Volume of Hydrogen Peroxide

        I will use 10 ml for each experiment

Area of potato

I will use 1.5g of homogenised potato. By homogenising the potato I intend to ensure consistency in area and the concentration of catalase.

Type of potato

        I will use the same potato for all the experiments to make it fair.

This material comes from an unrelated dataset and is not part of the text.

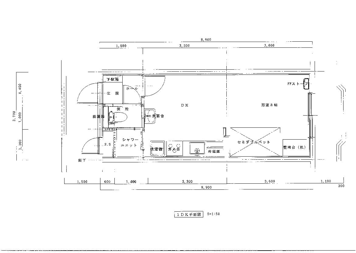 トイレとシャワー(お風呂無し)は独立、収納引出し付のベッド付き部屋とベッド無し部屋(押入付き)の2タイプ.

Concentration of Catalase within the Potato

        This is one of the reasons why I am homogenising the potato, so that the potato in each experiment has the same over all amount of catalase.

 

 

 

 

 

 

 

Results of Follow-up Experiment

Results of Follow-up Experiment (2)

Conclusion

This experiment was far more accurate than the previous one, however the results were still well off what would be expected for 25vol. This leads me to believe that something else is affecting that experiment. For the second experiment all of the hydrogen peroxide concentrations were made up at the same time, so this would not have been a factor. The first three results were just about perfect, each doubling. This shows that whatever it is that is causing the change in the pattern, only affects the strongest concentrations.